UMESH CHIDAMBAR KULKARNI v. CHIDAMBAR BALAWANT KULKARNI
1989-02-21
M.P.CHANDRAKANTARAJ, M.RAMAKRISHNA RAO
body1989
DigiLaw.ai
M. P. CHANDRAKANTHARAJ, J. ( 1 ) THIS appeal is directed against the judgment and decree dated 1-8-1988 passed in o. S. No. 146 of 1977 on the file of the Civil judge at Gokak in Belgaum District. ( 2 ) IN the course of this judgment, we refer to the parties by the ranks assigned to them in the trial Court. The appellant is the plaintiff. ( 3 ) THE plaintiff presented the suit by his next friend his mother Savithramma inter alia seeking a declaration that the suit land measuring 7 acres 07 guntas situated in Block no. 712 and assessed to land revenue at Rs. 33-73 within the limits of Akkathangerhal village in Gokak Taluk and all proceedings thereto or taken in relation thereto are not binding on him and that his interest in the said land subsists as he is the co-owner of the property along with the first defendant - his father. He also asserted that the said property is the joint family property in which he has an undivided interest. ( 4 ) SOME of the facts are not in dispute. The suit land was the subject matter of proceedings under Section 48-A of the karnataka Land Reforms Act initiated by the second defendant, who claimed and established that he was a tenant of that land. A writ petition filed by the first defendant in this Court came to be dismissed confirming the order of the Land Tribunal. In the result, the second defendant has been registered as an occupant under the provisions of the karnataka Land Reforms Act. It is thereafter the present suit has been filed. ( 5 ) HAVING regard to the fact that the jurisdiction of the civil and criminal Courts is barred under Sections 132 and 133 of the land Reforms Act, the Court has taken the view that the declaration prayed for cannot be granted by that Court and has therefore, rejected the suit as not maintainable. It is in that circumstance, the present appeal is preferred in this Court. ( 6 ) SRI O. Mahesh, learned Counsel appearing for the appellant, strenuously contended that the Court below mis-read the prayer. The prayer in reality and the sum and substance of the pleadings were such that the Court should have treated the plaint as suit for partition between the plaintiff and the first defendant.

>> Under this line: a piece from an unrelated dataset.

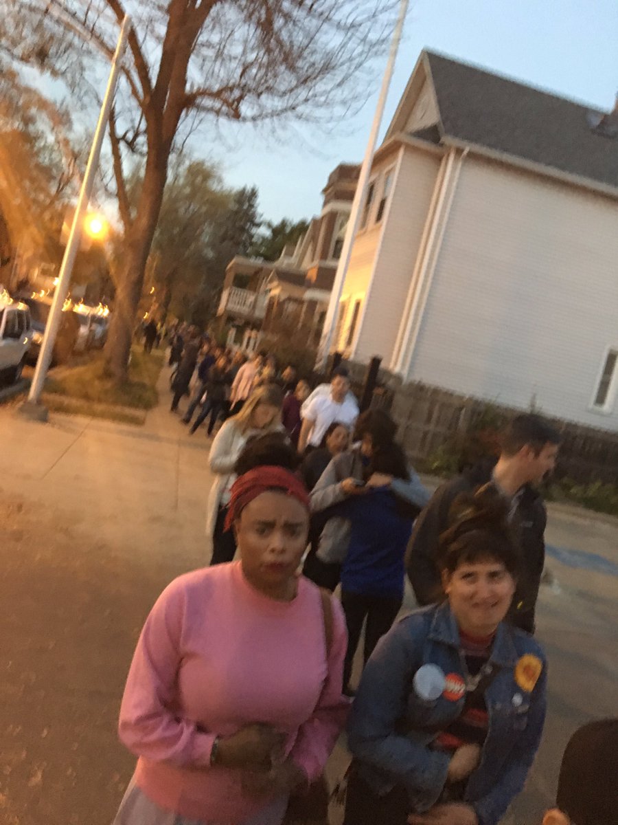 @pizzatothepolls Humbolt Park library line is way down the block. Pizza please!pic.twitter.com/X947wOLcOB

( 6 ) SRI O. Mahesh, learned Counsel appearing for the appellant, strenuously contended that the Court below mis-read the prayer. The prayer in reality and the sum and substance of the pleadings were such that the Court should have treated the plaint as suit for partition between the plaintiff and the first defendant. ( 7 ) APPARENTLY there is some misunderstanding in the family, because it is difficult for us to understand as to how the mother can be the next friend and guardian when father is still alive. Therefore, on account of some family dispute, the litigation has been started. ( 8 ) CERTIFIED copy of the plaint produced shows, the cause of action for the suit arose when the plaintiff came to know of defendant no. 2's name appearing in the record of rights register in the month of October, 1987. Similarly, Court fee has been paid under Section 24 (a) of the Karnataka Court Fees and suits Valuation Act and not under Section 35 of the said Act. Therefore, to contend now that it must be treated as a partition suit, it is difficult for us to accede to having regard to the substance of the pleadings and the prayer. ( 9 ) IN terms of Section 44 of the karnataka Land Reforms Act as on 1-3-1974, all tenanted lands vested in the government free of encumbrance, extinguishing the rights of the owners of the land. There afterwards, the only right that remained with former owners of the tenanted lands was the right to receive compensation under the provisions of the Act. The authority to determine the manner in which determination should take place in regard to quantum of compensation to be paid and to whom the compensation to be paid under sections 48-B, 49, 50 and 51 of the Karnataka land Reforms Act, is the Tahsildar concerned. Therefore, Section 132 of the karnataka Land Reforms Act clearly forbids any other authority to determine the compensation that is apportionable between the father and the son, assuming that the son had a claim on such compensation. Therefore, we are of the view that the trial court correctly came to the conclusion that the suit was not maintainable in the civil court. ( 10 ) THE appeal is misconceived. It is dismissed. Appeal dismissed. --- *** --- .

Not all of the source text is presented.